Paying judges


THE GENERAL Assembly is being pretty tight-fisted about proposed pay raises for state judges. Ignoring recommendations from its own Judicial Compensation Commission, the legislature would give some judges even less than the cost-of-living increase most other state employees are slated to get. With so many other lucrative opportunities for lawyers, the Assembly's proposed action is woefully shortsighted.

Maryland's judges have not had a raise since 2002. Currently, the salaries range from about $112,250 for a District Court or trial judge to about $151,350 for the chief judge of the Court of Appeals. The Judicial Compensation Commission, which was created by the legislature and chaired by former state Sen. Laurence Levitan, recommended graduated salary increases from $15,000 to $30,000 total, phased in over four years.

The commission argued that the increases were feasible because of the state's improving financial condition, and necessary for Maryland to keep pace with nearby states such as Delaware, Pennsylvania and Virginia. In addition, there is concern about attracting more candidates with "diversity and depth of experience," especially candidates from the private sector with firsthand knowledge of business and technology issues.

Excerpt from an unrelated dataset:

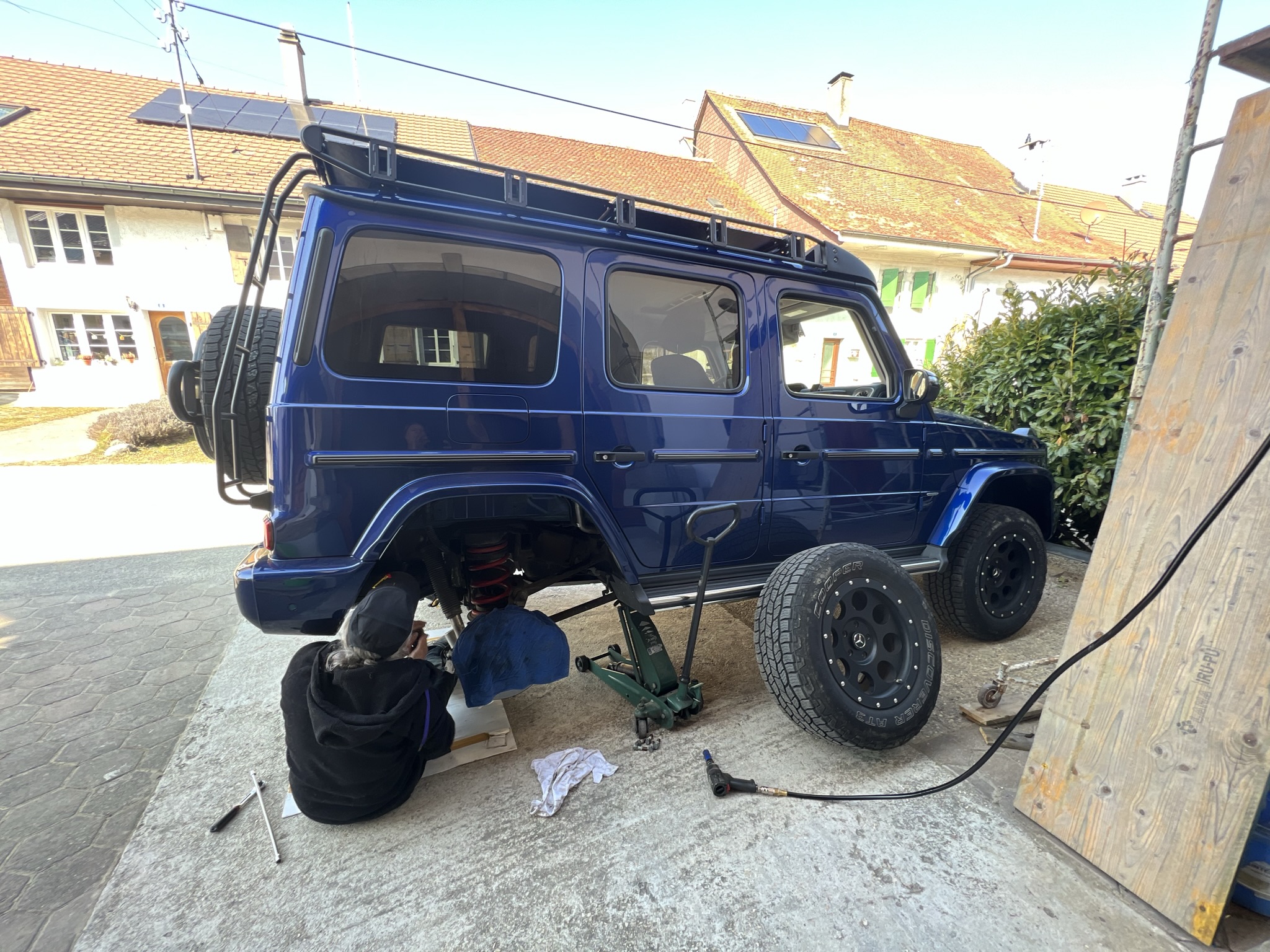 We therefore added a transparent plastic film all around, this is called a "covering". The G wagon keeps the same color, and when we get home that film can be removed and the car is back to its original delivery condition.

But the House and Senate each offered proposals that would increase salaries over four years by a total of about $1,500 to $7,500. In a strange reversal, both chambers would give appellate judges a smaller salary boost than trial judges, at least initially. That means a Court of Appeals judge could get a maximum $2,500 raise starting in July 2005, or about $500 less than he or she would get from the proposed cost-of-living increase.

Neither chamber has done right by the judges, and the proposed increases seem downright stingy. But even if the legislature cannot meet the commission's recommendations, coming closer to those figures would be far more acceptable.